__Exercise goal__. The lines below, from the first through the one containing "央視網(wǎng)消息:國家", are to be given again exactly, with pictures left out and nothing added.

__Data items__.
•••

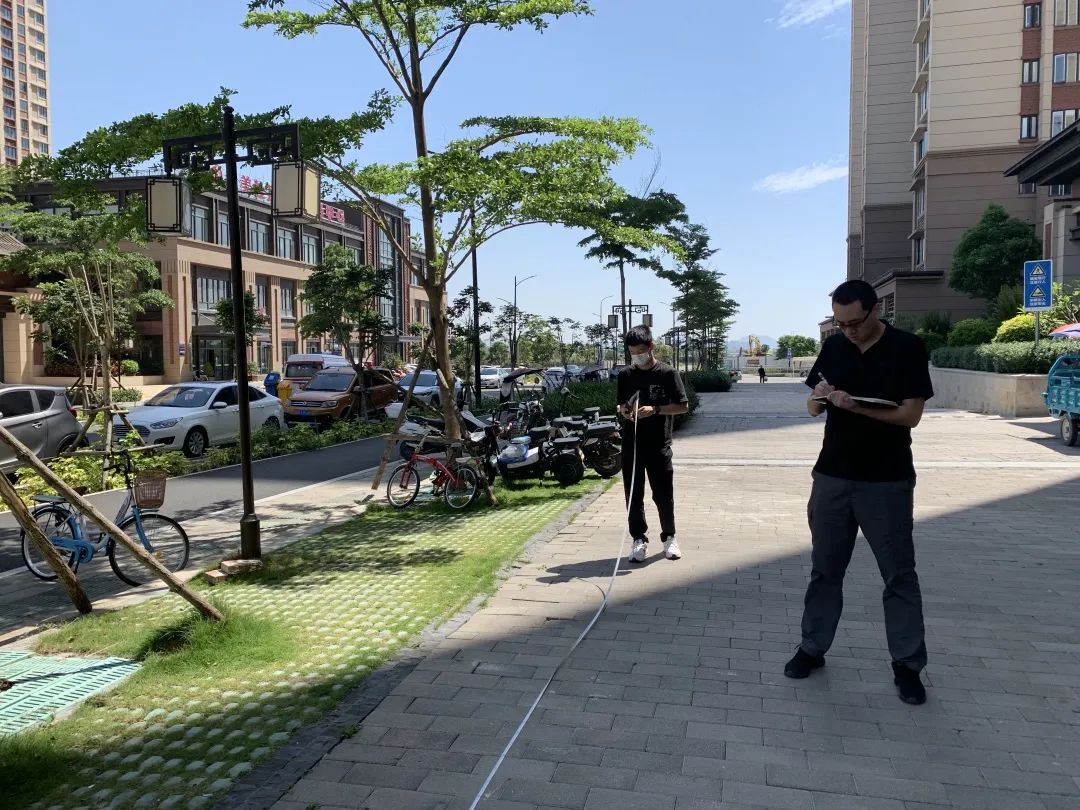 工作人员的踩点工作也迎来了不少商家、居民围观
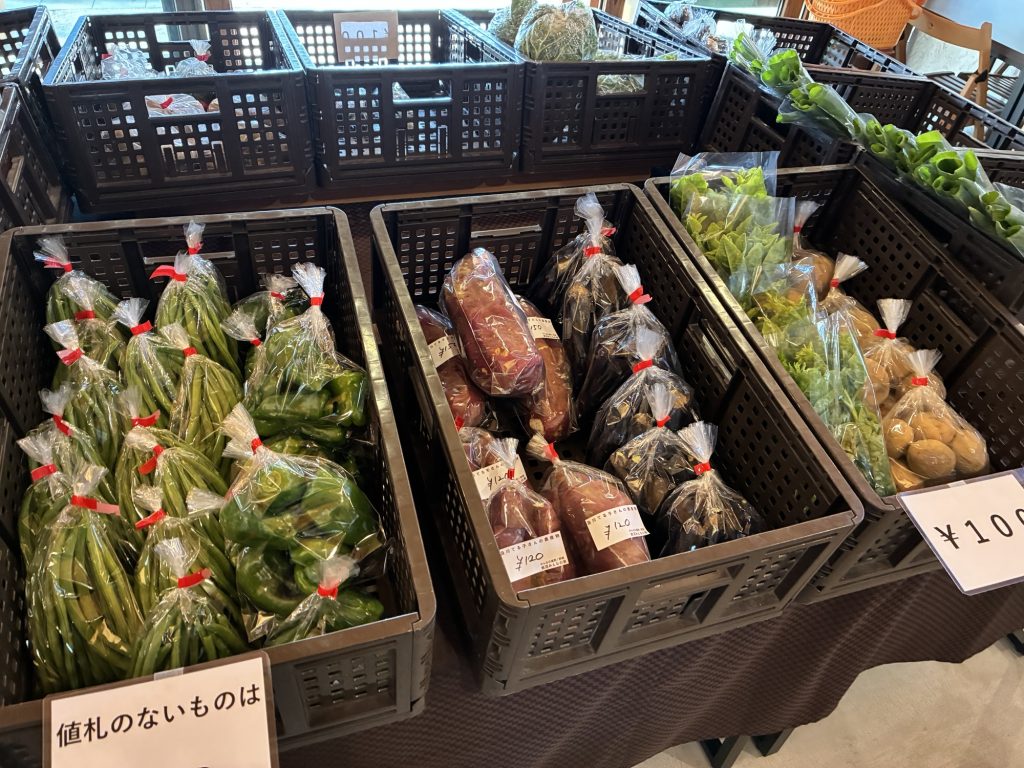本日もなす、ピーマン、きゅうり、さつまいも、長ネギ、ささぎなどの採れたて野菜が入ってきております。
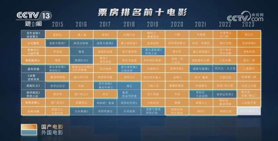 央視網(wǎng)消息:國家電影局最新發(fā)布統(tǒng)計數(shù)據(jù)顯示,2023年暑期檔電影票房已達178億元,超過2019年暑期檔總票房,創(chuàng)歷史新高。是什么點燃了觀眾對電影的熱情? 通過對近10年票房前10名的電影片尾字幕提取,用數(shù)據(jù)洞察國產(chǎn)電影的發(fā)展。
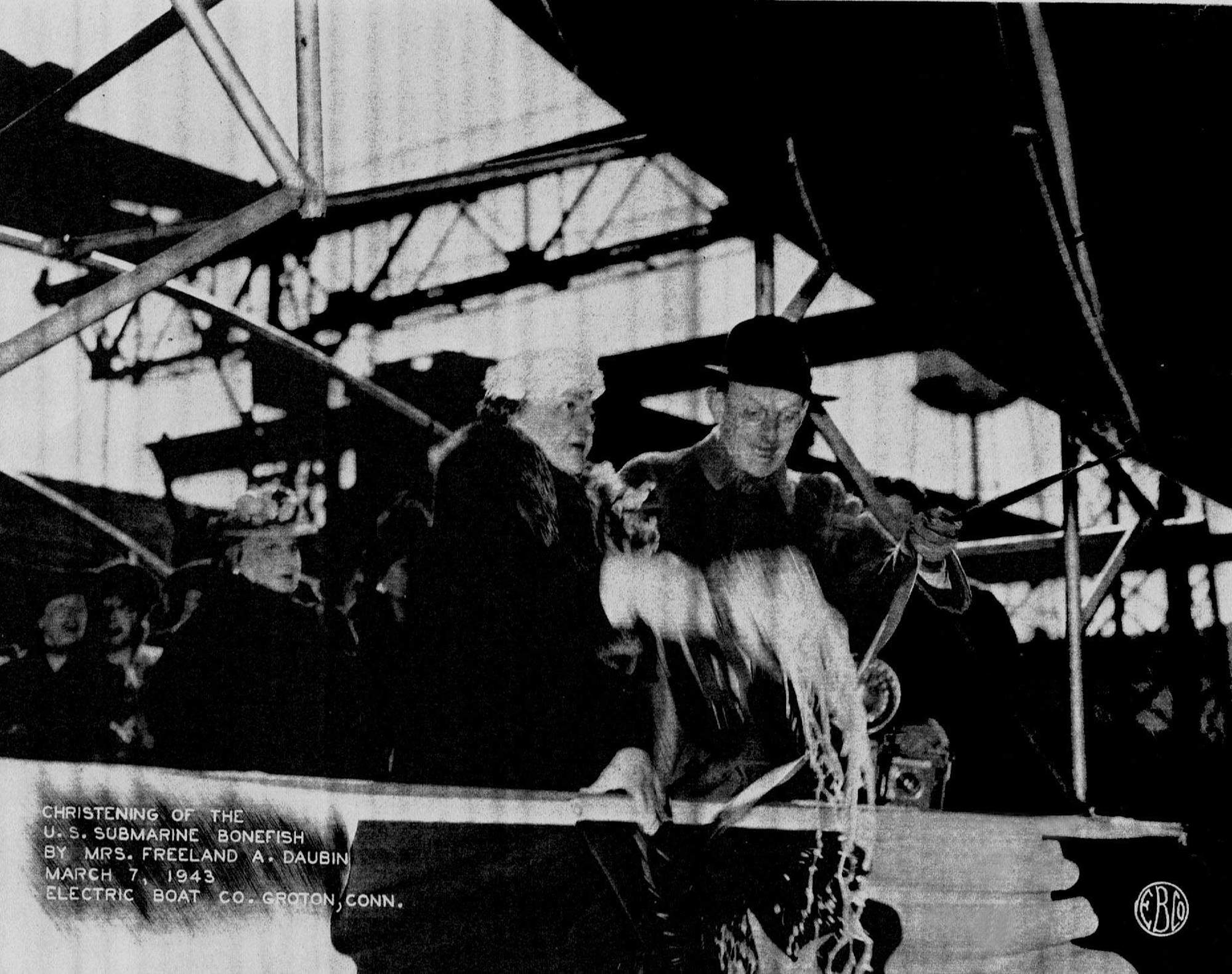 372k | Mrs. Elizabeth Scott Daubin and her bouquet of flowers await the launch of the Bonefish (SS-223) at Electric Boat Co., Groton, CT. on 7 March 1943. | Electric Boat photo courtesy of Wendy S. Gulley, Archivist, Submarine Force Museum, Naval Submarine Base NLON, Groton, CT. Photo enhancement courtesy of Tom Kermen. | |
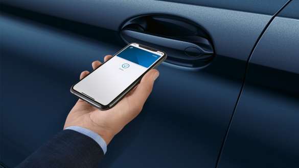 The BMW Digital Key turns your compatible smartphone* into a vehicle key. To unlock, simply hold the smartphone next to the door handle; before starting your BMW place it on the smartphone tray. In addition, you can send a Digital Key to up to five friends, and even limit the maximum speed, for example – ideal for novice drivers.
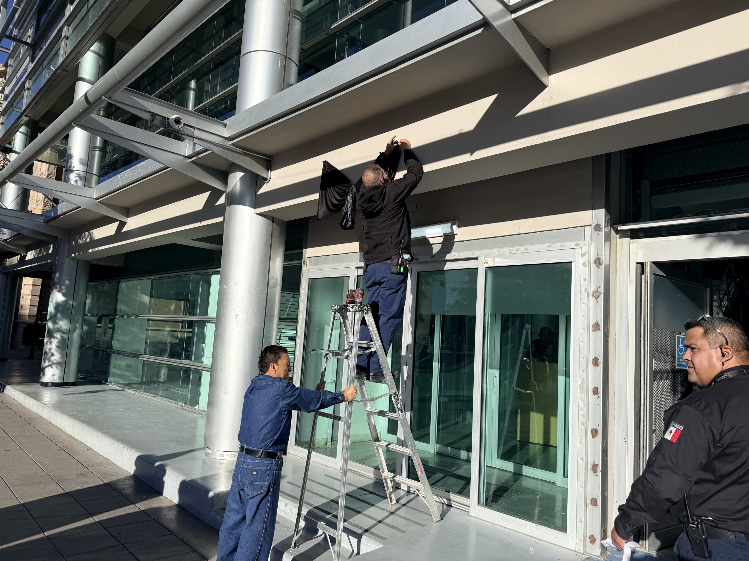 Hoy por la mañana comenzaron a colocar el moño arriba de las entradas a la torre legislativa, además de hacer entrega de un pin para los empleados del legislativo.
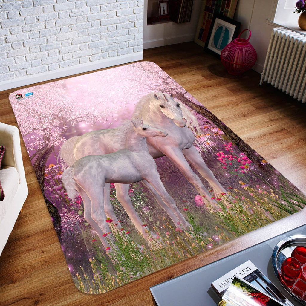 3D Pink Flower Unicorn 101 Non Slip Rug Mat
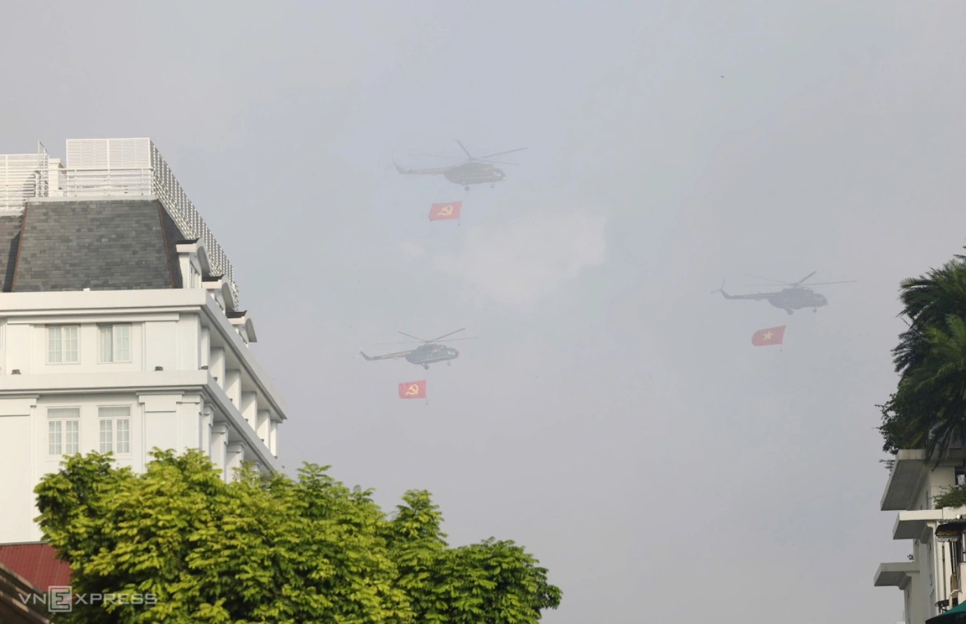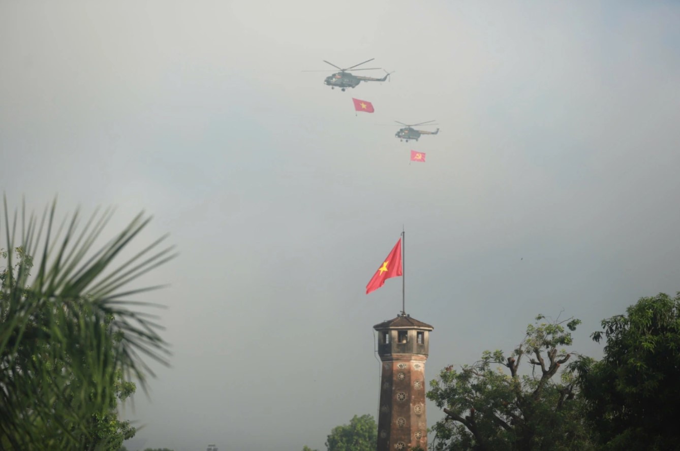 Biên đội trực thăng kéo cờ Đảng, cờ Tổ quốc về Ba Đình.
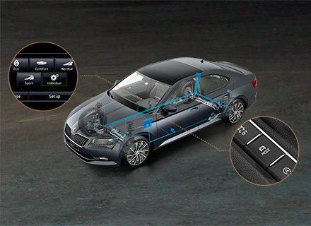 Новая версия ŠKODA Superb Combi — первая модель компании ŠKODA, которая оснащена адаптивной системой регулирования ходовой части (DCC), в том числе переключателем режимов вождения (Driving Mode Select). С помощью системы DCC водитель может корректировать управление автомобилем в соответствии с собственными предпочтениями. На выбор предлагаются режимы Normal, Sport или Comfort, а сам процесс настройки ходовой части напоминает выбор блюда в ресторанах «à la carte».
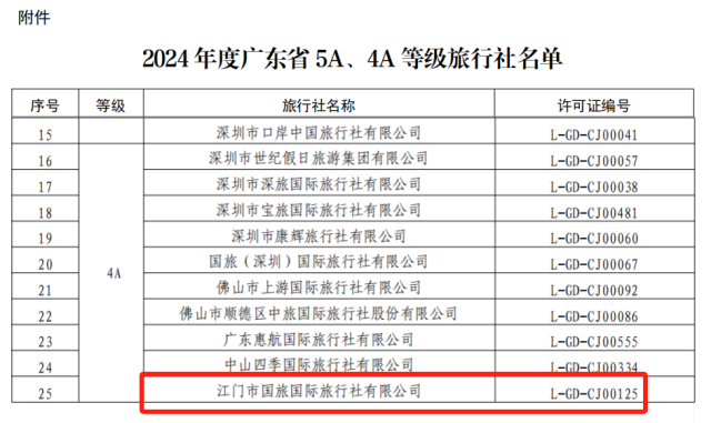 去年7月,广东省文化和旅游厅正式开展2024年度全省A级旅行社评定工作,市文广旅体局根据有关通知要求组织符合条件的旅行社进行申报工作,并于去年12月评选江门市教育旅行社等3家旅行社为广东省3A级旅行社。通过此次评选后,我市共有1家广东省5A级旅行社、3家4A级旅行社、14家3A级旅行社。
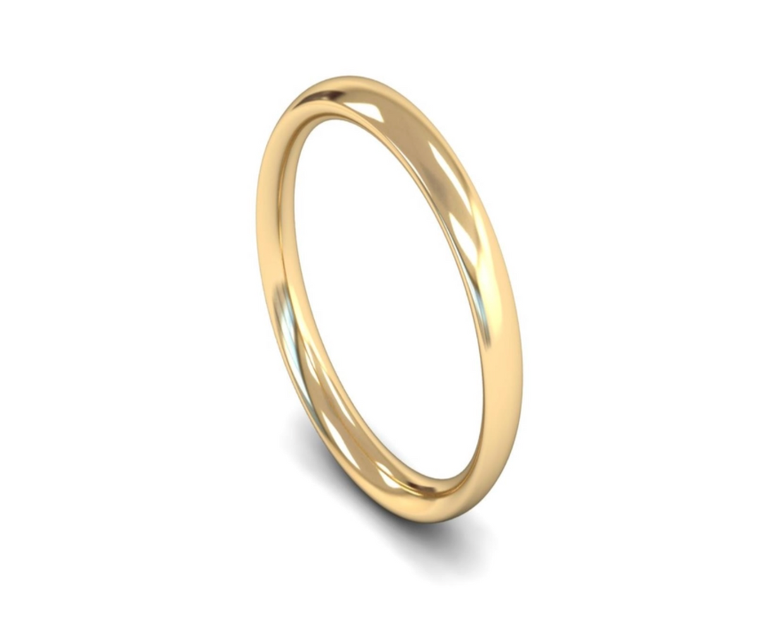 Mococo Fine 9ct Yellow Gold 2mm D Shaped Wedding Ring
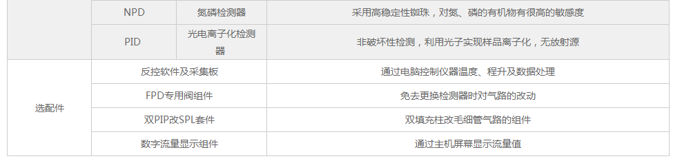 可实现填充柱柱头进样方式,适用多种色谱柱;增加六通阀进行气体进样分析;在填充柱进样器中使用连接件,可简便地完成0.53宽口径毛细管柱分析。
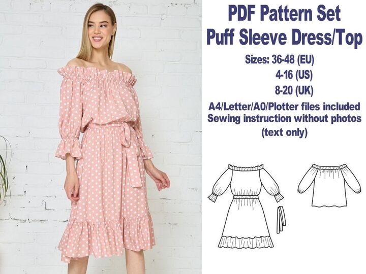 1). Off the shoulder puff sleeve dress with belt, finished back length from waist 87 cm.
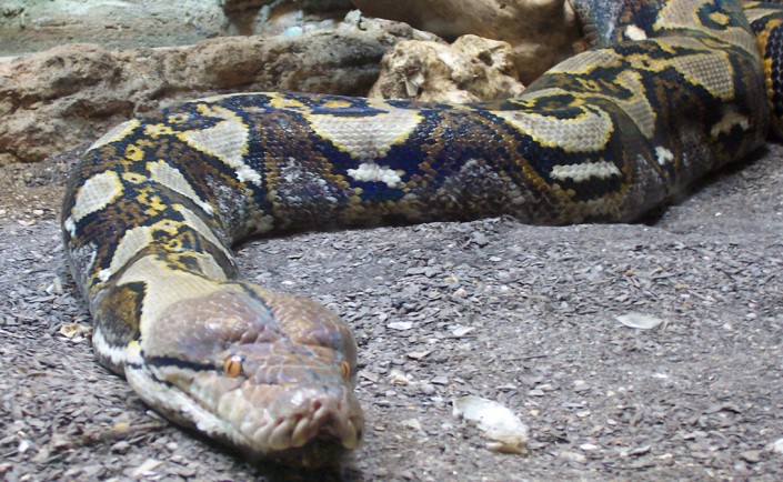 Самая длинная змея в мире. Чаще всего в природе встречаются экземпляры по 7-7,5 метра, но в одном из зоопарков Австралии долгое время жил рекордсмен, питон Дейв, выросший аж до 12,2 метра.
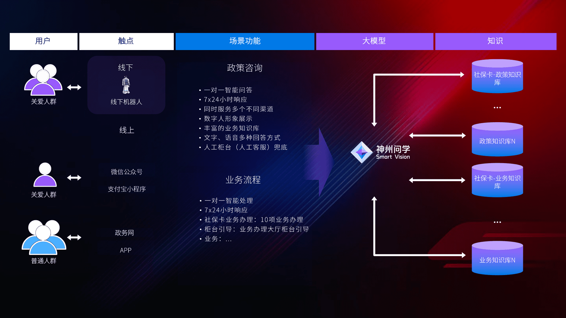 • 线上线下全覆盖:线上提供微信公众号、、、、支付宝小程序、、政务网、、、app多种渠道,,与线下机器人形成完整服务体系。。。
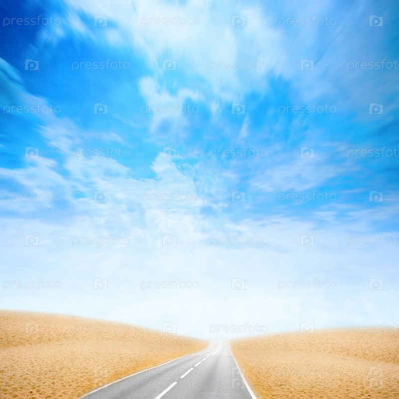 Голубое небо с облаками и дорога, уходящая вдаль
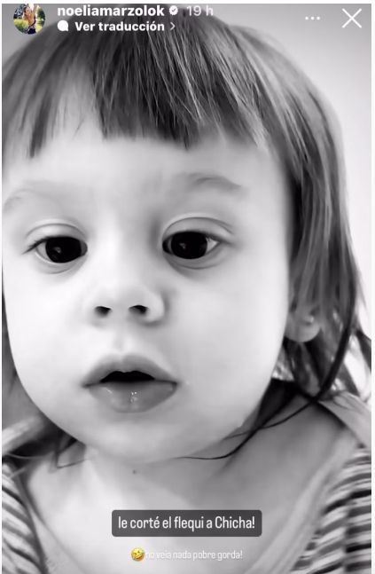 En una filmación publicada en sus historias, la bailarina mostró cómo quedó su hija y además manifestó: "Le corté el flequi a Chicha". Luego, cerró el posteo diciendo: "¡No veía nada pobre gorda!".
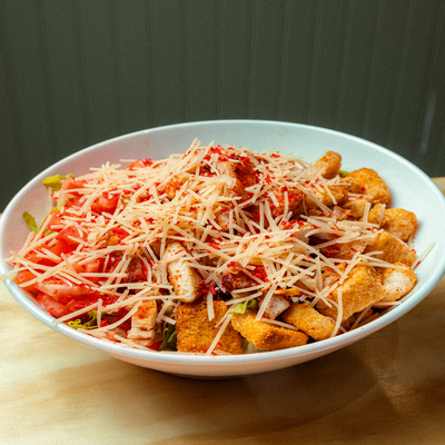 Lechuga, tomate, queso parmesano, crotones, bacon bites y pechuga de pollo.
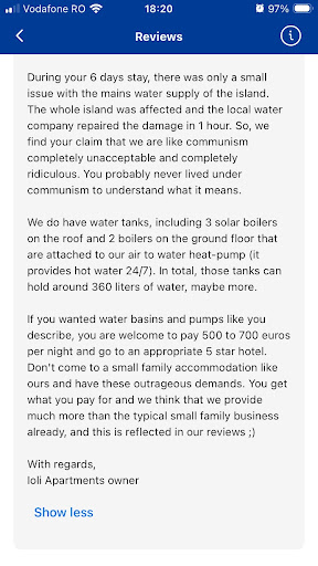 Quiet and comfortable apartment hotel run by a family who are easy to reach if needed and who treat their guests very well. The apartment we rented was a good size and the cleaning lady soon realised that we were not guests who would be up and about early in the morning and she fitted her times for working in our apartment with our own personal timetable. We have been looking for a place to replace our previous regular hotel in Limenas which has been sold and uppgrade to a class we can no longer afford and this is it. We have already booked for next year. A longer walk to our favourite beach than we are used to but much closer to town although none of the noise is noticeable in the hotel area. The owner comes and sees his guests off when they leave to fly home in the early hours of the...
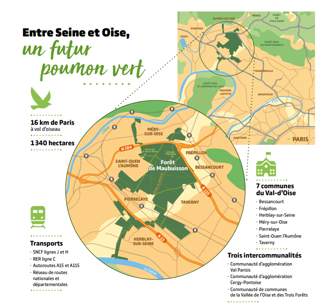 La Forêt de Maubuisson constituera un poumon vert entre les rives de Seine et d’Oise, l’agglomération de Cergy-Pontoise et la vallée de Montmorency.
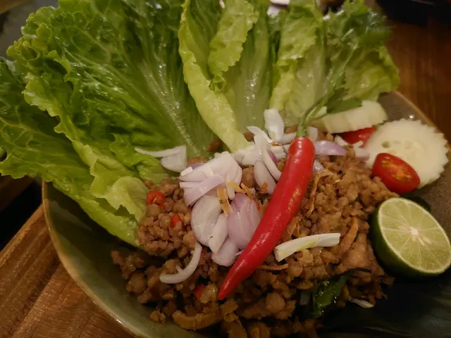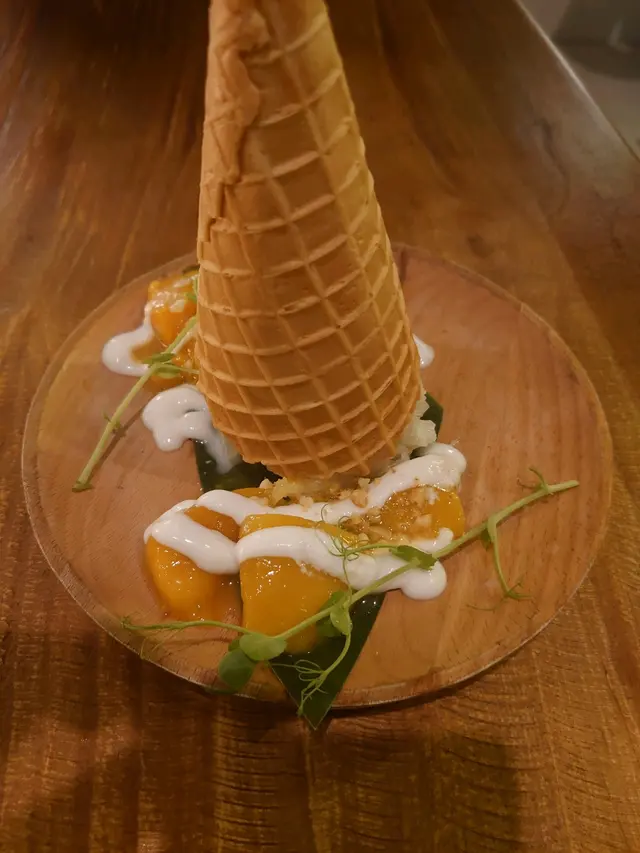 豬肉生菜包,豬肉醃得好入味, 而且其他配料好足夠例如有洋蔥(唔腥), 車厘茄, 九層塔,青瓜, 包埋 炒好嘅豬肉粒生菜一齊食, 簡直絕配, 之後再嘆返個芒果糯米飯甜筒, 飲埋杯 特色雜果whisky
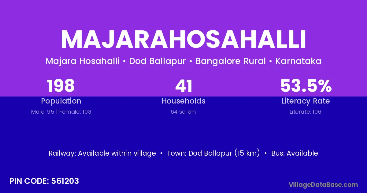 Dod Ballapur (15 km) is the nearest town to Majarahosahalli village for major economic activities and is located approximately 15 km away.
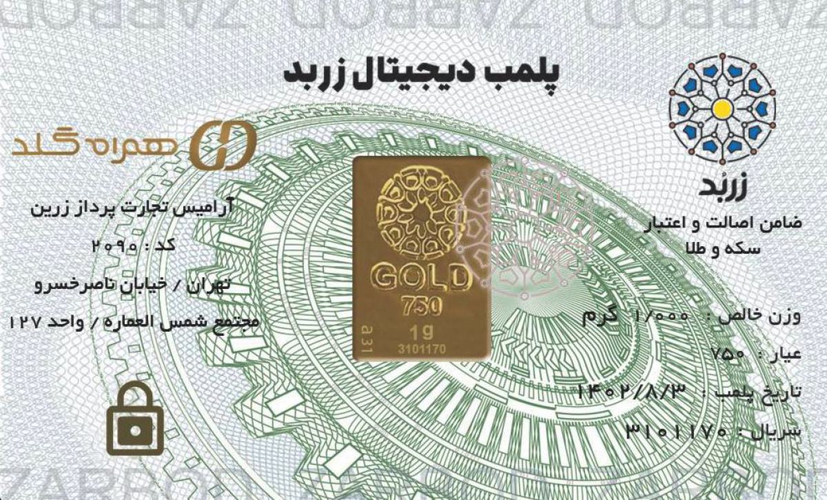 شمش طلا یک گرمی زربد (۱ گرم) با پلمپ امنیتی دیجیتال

•••

__Task response__.
 工作人员的踩点工作也迎来了不少商家、居民围观
本日もなす、ピーマン、きゅうり、さつまいも、長ネギ、ささぎなどの採れたて野菜が入ってきております。
 央視網(wǎng)消息:國家電影局最新發(fā)布統(tǒng)計數(shù)據(jù)顯示,2023年暑期檔電影票房已達178億元,超過2019年暑期檔總票房,創(chuàng)歷史新高。是什么點燃了觀眾對電影的熱情? 通過對近10年票房前10名的電影片尾字幕提取,用數(shù)據(jù)洞察國產(chǎn)電影的發(fā)展。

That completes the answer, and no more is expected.